Even when textbooks or instructors mention this sort of nuance, the next step is often missing. As with chemistry, the important thing is not just how the elements behave in isolation, but how they come together. Each language has rules for these combinations, which native speakers (and many teachers) generally grasp but don’t or can’t explain.

Consider an easy example. All French words are stressed on the final syllable, a rule typically explained in textbooks. But the importance of the rule is often underplayed. It applies not only to French words but to any foreign name: French-speakers are acquainted with a Texan city called yoos-TON, not the English HYOO-ston. The final stress is quite emphatic, usually involving a higher pitch and greater volume. Meanwhile, English words often have a secondary as well as a primary stress: in “civilisation” the primary stress is on the fourth syllable and the secondary stress is on the first. In French, the final-syllable stress is so strong as to leave little room for any other.

Next, languages differ in what linguists call phonotactics—in effect, what is a permissible syllable and what isn’t. The p in psychology and pterodactyl is silent because English phonotactic rules do not allow native words to begin with pt- or ps- sounds. English does let these consonants join in the middle of words, like uptown and upside, so English-speakers can certainly pronounce them. But the rule about beginnings means that even if you encourage them to pronounce the p in psychotic, they tend to insert an extra vowel to make it fit the template, and say puh-sychotic. Anglophone commentators discussing Kylian Mbappé, a French footballer, find themselves compelled to add a third syllable, calling him Em-bap-ay.

A similar befuddlement affects many foreigners learning English, perhaps even more so. The reason a Spaniard might say he is from Espain when speaking English is that sp-, st- and other consonant combinations are forbidden at the beginning of Spanish words, which is why the capital of Sweden is Estocolmo. That is just one example. English is unusually rich in consonant clusters that are, in practice, not allowed in other languages. Google a video of foreigners trying to say squirrel for another case study. The word combines an unusual skw- at the beginning, an odd vowel sound in the middle that most languages lack, and the tricky -rl at the end.

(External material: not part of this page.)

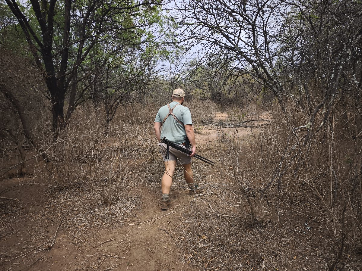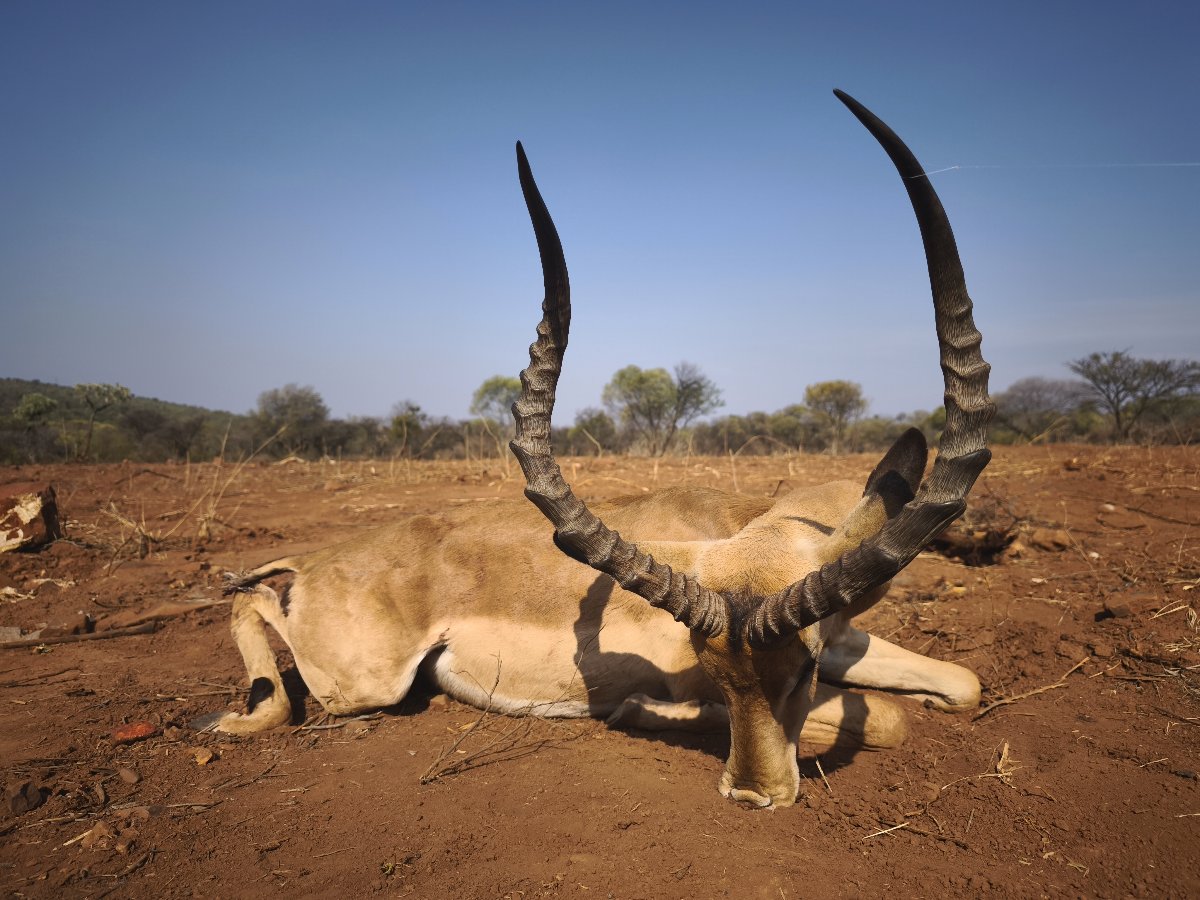 На следующее утро, после английского завтрака и подписания необходимых бумаг, вместе с нашим PH мы первым делом отправились на стрельбище на пристрелку оружия. Там я первый раз стрелял из японской винтовки Howa калибра 308win с оптическим прицелом. Неплохо - сказал PH и еще пощелкал колесиком прицела. Давай контрольный. Потом он показал убойные места предполагаемых объектов охоты и объяснил, что я должен стрелять только по неподвижным ясно видимым целям, и только в том случае если ты уверен что попадешь и не сделаешь подранка. После этого мы отправились в угодья на пикапе Тойота, специально оборудованном для охоты. Наши места были сверху. Светило жаркое африканское солнце, на котором со слов Ника легко сгореть, температура была довольно комфортная - около 25ти градусов, хотя я ждал что будет жарче. На самом деле этот место расположено на плато, которое на 1300 метров выше уровня моря, а Йоханесбург еще выше, 1700 метров, поэтому климат не очень жаркий, хотя и расположен на 25м градусе южной широты. В северном полушарии на этой широте расположен Дубай). Но я отвлекся. Буквально в 100 метрах за воротами лоджа нас встретило стадо золотистых гну, тут же скрывшихся из глаз неспешной рысью. Фотографируем, снимаем видео, ведь они так близко! Поколесив по окрестностям, мы увидели других антилоп, которые так же улепетывали, едва завидев нас, и тут впереди наш PH замечает нужную нам цель - "see it" говорит он. Я смотрю на дорогу - ничего не вижу. Смотри в прицел - знаком показывает он. Смотрю - действительно, впереди, сливаясь с каменистой почвой, стоит пара местных антилоп - импал. Но тут же они поворачиваются и уходят за кусты. Я не успеваю толком прицелиться и решаю не стрелять. Едем дальше - PH опять замечает справа импал и смотрит, выбирая нужную нам цель - старого самца, который не переживет грядущий сезон засухи. Но нет, это или самки или слишком молодой самец с небольшими рогами. Едем дальше. Наконец через какое то время мы останавливаемся, и Лександэр находит подходящего самца импалы и говорит - по английски естественно - смотри - самый левый твой - не перепутай! Я прицеливаюсь, но не так то все просто, его заслоняет другая особь. Wait говорит PH, наблюдая за ним в бинокль. Wait and Shoot when you will be ready. Наконец тот поворачивается боком. Расстояние - метров 100-150. Я прицеливаюсь чуть выше передних ног - в лопатку, задерживаю дыхание и нажимаю на курок. Бах - и антилопы срываются с места. Мы подъезжаем к месту где они стояли. На красноватой земле алеет кровь - значит попал все таки. Вместе с PH мы идем по следу через кусты в бушвелд. Кровяной след уводит дальше в густой кустарник, мелятник по нашему. Наши спутники отстают. Вроде бы я слышу какое то движение. Рукой показываю Лександру - она там. Идем дальше. Затем след метров через 150 пересекает лесную дорогу и еще через 50 метров около русла засохшего ручья теряется. Там земля устлана прошлогодними сухими листьями. Видно что антилопа временами ложилась, теряя много крови, но даже обрезая по довольно большому радиусу окрестности нам не найти, куда она ушла. Значит она дойдет, выстрел смертельный, но вопрос когда? Между тем время близится к полудню и наш PH решает прервать поиски, чтобы продолжить их после обеда. Возвращаемся в лодж. У них нет собак, работающих по кровяному следу, хоть там и были бигль и такса, но они уже старые. Это сильно облегчило бы
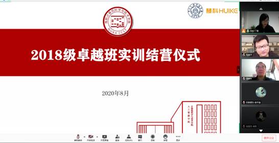 8月5日,2018级卓越班同学迎来了暑期实训项目的验收评审,由于今年的特殊原因,整个暑期实训全部采用了“云端”模式,验收评审也在线上进行。这是对同学们暑期实训的检验,也是学生风采的一次展示。南京林业大学信息学院院长业宁、南京工业大学beat365副院长刘学军、南航beat365/人工智能学院副院长赵蕴龙、院长助理李鑫、慧科教育科技集团有限公司周晓杰、徐达、张峻等位5企业导师代表出席了本次活动,活动由慧科公司大数据分析师EMO丁蕾老师主持。

Another reason people are betrayed by their accents in other tongues, even if they are otherwise proficient, is that a language’s rhythm can be hard to pin down. They differ in how they space the syllables in a sentence. Cantonese and Italian, for instance, are “syllable-timed”: every syllable has roughly similar duration. Read this sentence aloud and try to pronounce every syllable this way, and you may find yourself halfway to mimicking an Italian. English is “stress-timed” (though less strictly), meaning that stressed syllables occur at roughly regular intervals, the remainder tending to be less distinctly pronounced. This is how you could distinguish Italian from English being spoken through a wall, even without being able to make out any individual sounds or words.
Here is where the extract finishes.